The technology shines on us like a sun, no doubt. But it also casts a shadow, and sometimes the wonderful and the terrible are almost indistinguishable from each other.
Those devices we carry around in our pockets also allow others to track us, to know where we are and where we have been, what we have watched, what we have spent our money on, who we have spoken to and for how long, what books, music, food and perversions we have sought out. Our most intimate personal information is increasingly known to governments, security agencies and private corporations. Their ability to track us is sold to us in the name of protecting us from terrorism, or, in the case of the corporations, in the name of offering us a better user experience. In many ways it makes us uneasy, but the truth is, we have welcomed Big Brother in willingly. We allow ourselves to be surveilled because having a phone with geolocation and cloud memory and payment facilities and search facilities and a way to talk to people and to remember things and share stuff with friends and family is convenient, useful and exciting. Big Brother is also Big Santa.

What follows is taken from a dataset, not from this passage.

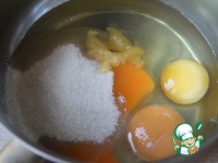 Яйца, сахар, мед, соль и ваниль смешать и поставить на водяную баню. Прогреть до 40 - 45 градусов, помешивая. |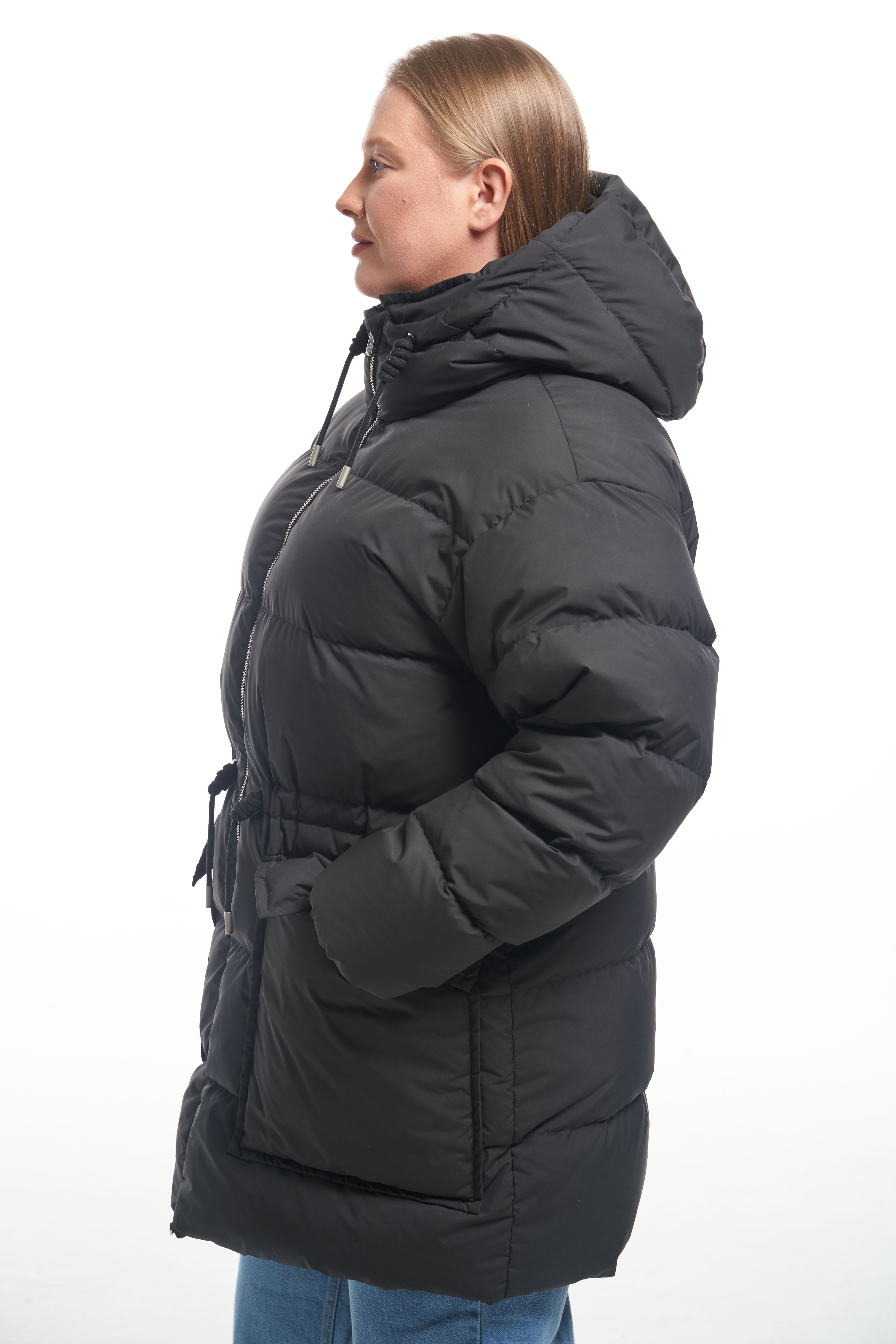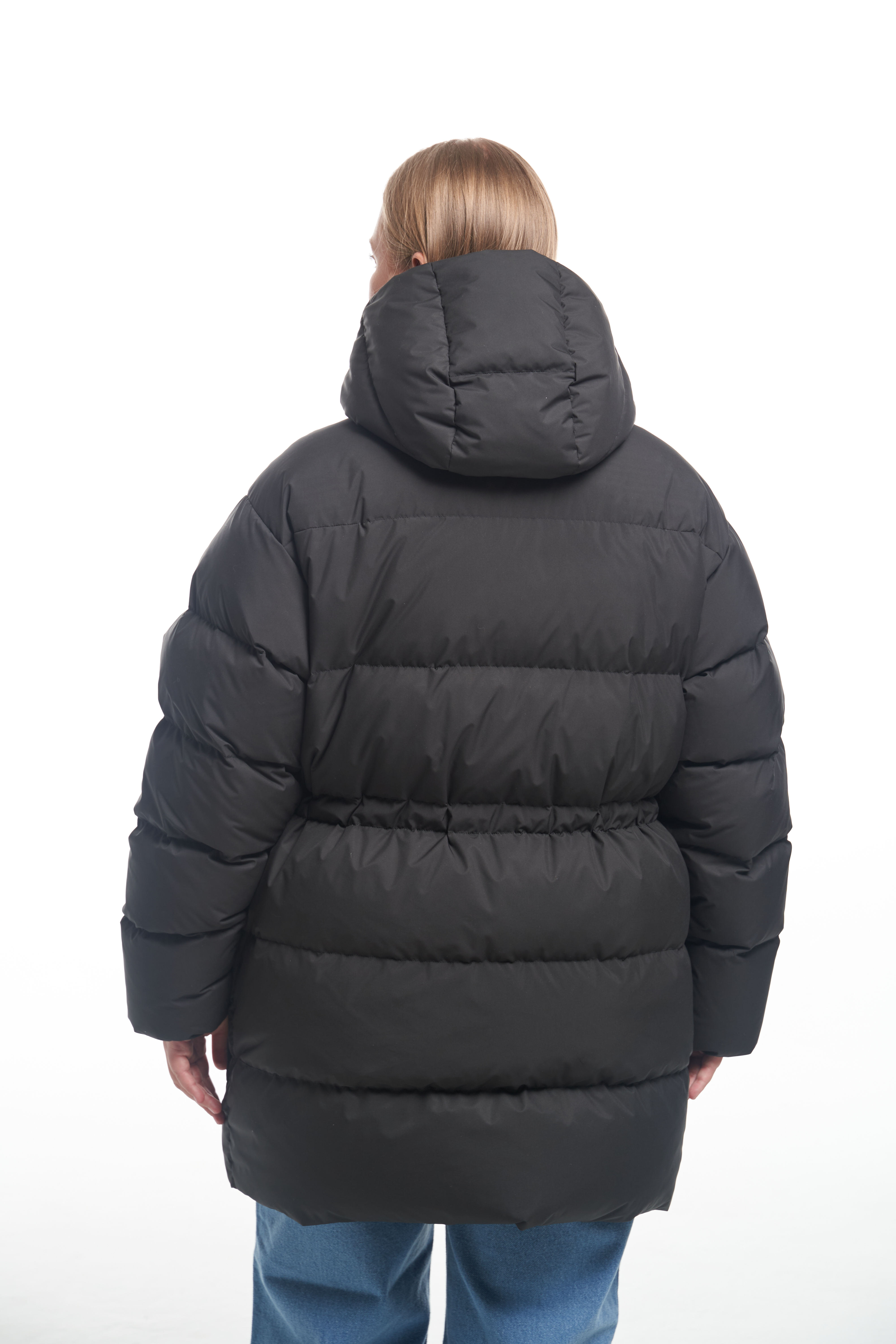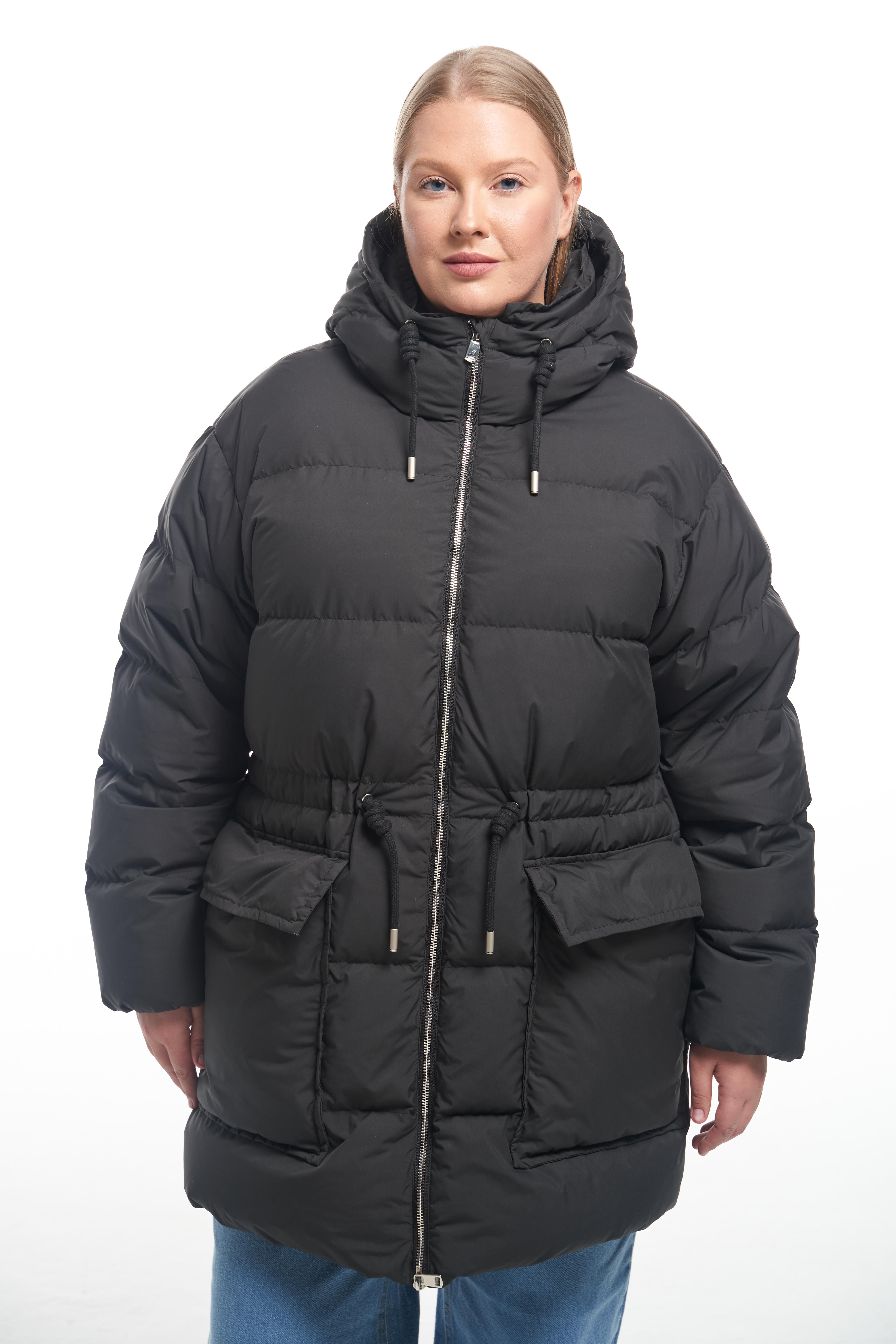 Куртка свободного прямого кроя с кулискойпо линии талии. Капюшон втачнойс кулиской. Особенность – съёмный воротник, который пристегивается внутри на пуговицы. Плечевой пояс спущенный. Низ рукавов собран на эластичную тесьму с внутренней стороны. Боковые карманы накладные с клапанами, прямоугольной формы. Есть внутренний накладной карман на подкладке. Куртка выполнена из плащевой ткани с водоотталкивающими свойствами. При изготовлении применяется двухслойный пухпакет.

This book is an attempt to understand the relationship between the technologies that are reshaping our connections with each other and the natural world, and our ability to control them. It is particularly addressed to the area of work and what it means to live in a world where technology is increasingly automating many common jobs. Work remains central to our conception of how it is we are meant to live, but paid employment seems to be increasingly scarce, unstable, insecure and worst of all failing to pay us a wage that can sustain a decent standard of living across a human lifetime. Under such circumstances, work looks, to my eyes, like an idea that has outlived its usefulness. I would go so far as to say the era of full-time work is coming to an end and we have to stop holding out the false promise that at some magical moment the jobs are going to reappear.
Smartphones are at the heart of a lot of what is happening, but they represent only a tiny fraction of the tech that is likely to transform our lives. Endless articles and books examining what robots can and cant do list a stunning array of technologies from 3D printers that can create human bones suitable for transplant, to driverless vehicles that have the potential to render every truck driver in the world unemployed, to humanoid artificial intelligence programs that can diagnose and treat post-traumatic stress. Developments like these leave us more than a little gobsmacked and uncertain about the future. In some tellings of the story we are heading for the benign and entirely recognisable middle-class future of The Jetsons; in others, we are plunging headlong into the malign robot world of The Terminator. Indeed, the likes of scientist Stephen Hawking and entrepreneur Elon Musk have been quoted at length and ad nauseum, arguing about whether artificial intelligence will eventually achieve consciousness, be smarter than us and take over. But heres the thing: asking whether robots will take our jobs is the wrong question. And by asking it that way, we get the wrong answer.